Information supplied START

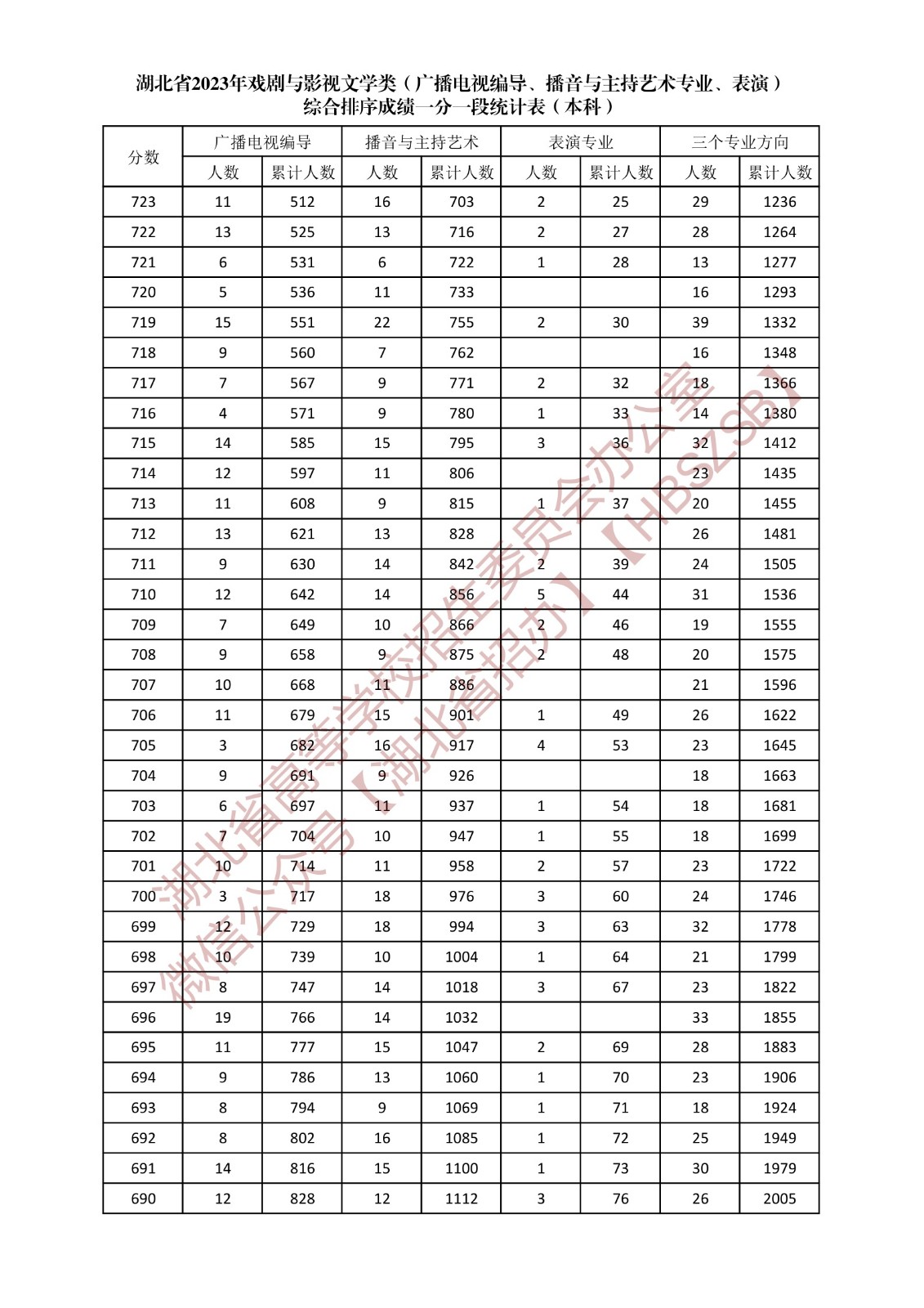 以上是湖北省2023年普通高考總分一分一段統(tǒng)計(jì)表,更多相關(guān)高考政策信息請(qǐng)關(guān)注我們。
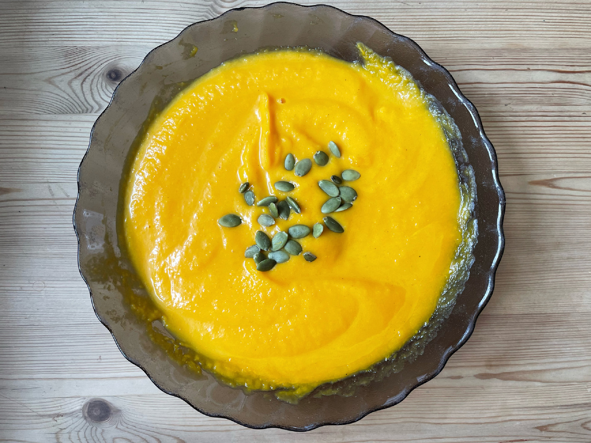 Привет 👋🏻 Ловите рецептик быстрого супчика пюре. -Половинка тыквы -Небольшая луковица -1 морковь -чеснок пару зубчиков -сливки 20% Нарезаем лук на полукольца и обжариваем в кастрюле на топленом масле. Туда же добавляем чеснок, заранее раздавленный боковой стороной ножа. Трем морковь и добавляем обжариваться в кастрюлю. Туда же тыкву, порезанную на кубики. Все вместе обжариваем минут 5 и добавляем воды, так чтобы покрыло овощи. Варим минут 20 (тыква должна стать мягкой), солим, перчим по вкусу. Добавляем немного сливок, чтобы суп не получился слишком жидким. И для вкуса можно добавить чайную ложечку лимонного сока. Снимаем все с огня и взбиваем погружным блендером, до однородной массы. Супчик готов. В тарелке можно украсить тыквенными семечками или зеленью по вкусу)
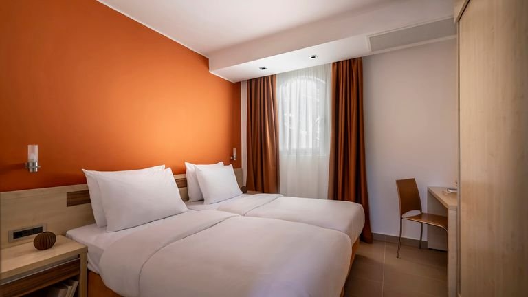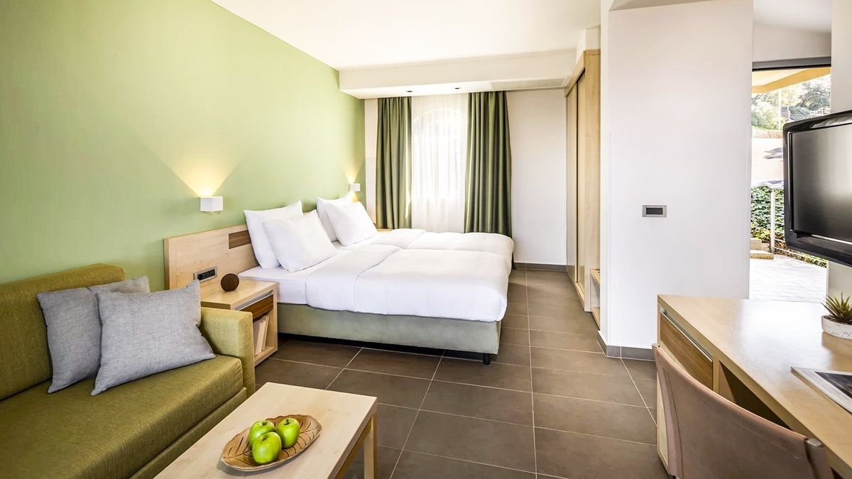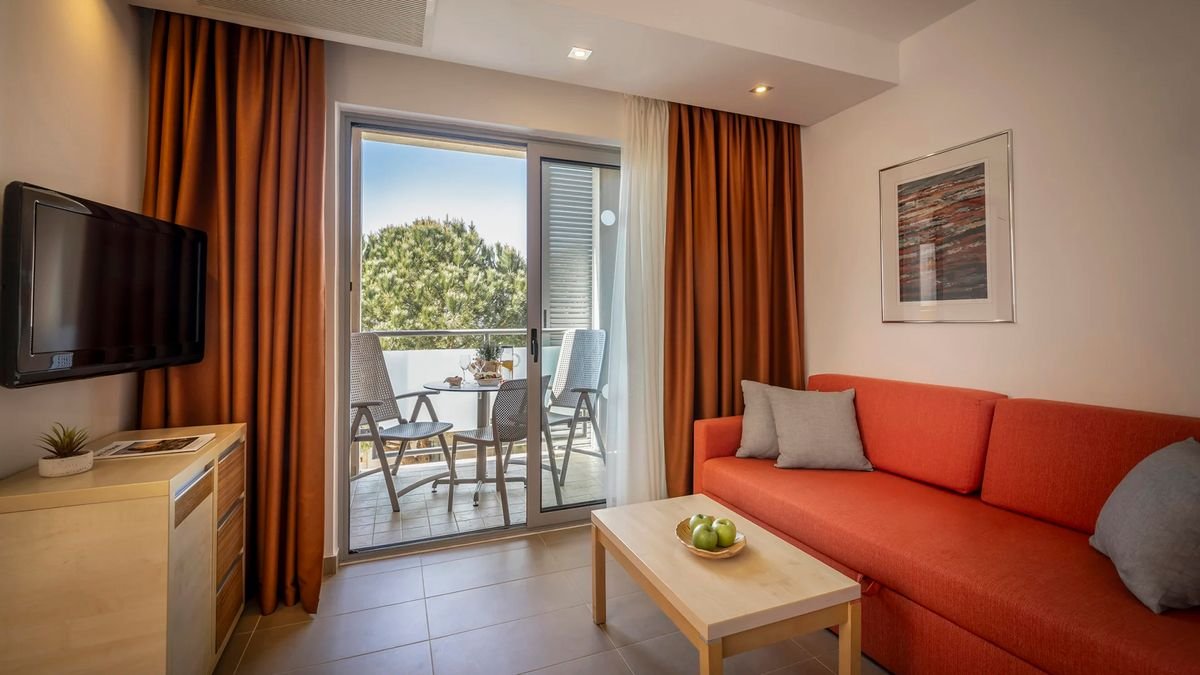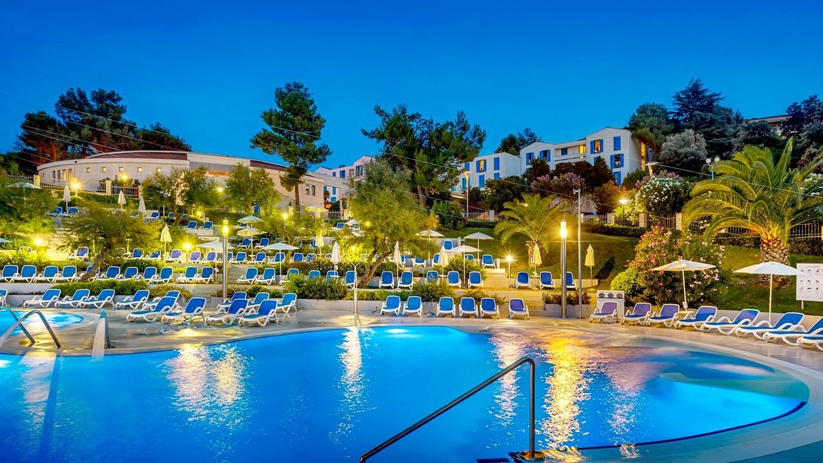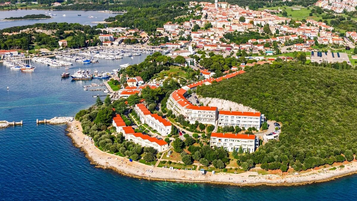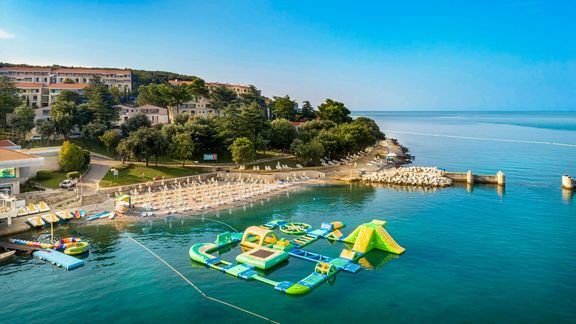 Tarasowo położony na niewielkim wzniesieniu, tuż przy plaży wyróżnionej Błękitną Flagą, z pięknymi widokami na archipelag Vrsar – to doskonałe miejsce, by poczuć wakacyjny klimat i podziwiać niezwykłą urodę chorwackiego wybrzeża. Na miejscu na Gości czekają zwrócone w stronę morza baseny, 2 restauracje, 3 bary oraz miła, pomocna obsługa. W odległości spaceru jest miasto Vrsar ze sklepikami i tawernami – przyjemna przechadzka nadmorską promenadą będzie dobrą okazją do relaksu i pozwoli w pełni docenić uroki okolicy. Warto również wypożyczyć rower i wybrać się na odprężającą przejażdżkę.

Information supplied END

Problem to solve: Give back, exactly as written, the lines from the top of the material through the line with "Привет 👋🏻 Ловите", ends included and pictures left aside.

Result of this task:
 以上是湖北省2023年普通高考總分一分一段統(tǒng)計(jì)表,更多相關(guān)高考政策信息請(qǐng)關(guān)注我們。
 Привет 👋🏻 Ловите рецептик быстрого супчика пюре. -Половинка тыквы -Небольшая луковица -1 морковь -чеснок пару зубчиков -сливки 20% Нарезаем лук на полукольца и обжариваем в кастрюле на топленом масле. Туда же добавляем чеснок, заранее раздавленный боковой стороной ножа. Трем морковь и добавляем обжариваться в кастрюлю. Туда же тыкву, порезанную на кубики. Все вместе обжариваем минут 5 и добавляем воды, так чтобы покрыло овощи. Варим минут 20 (тыква должна стать мягкой), солим, перчим по вкусу. Добавляем немного сливок, чтобы суп не получился слишком жидким. И для вкуса можно добавить чайную ложечку лимонного сока. Снимаем все с огня и взбиваем погружным блендером, до однородной массы. Супчик готов. В тарелке можно украсить тыквенными семечками или зеленью по вкусу)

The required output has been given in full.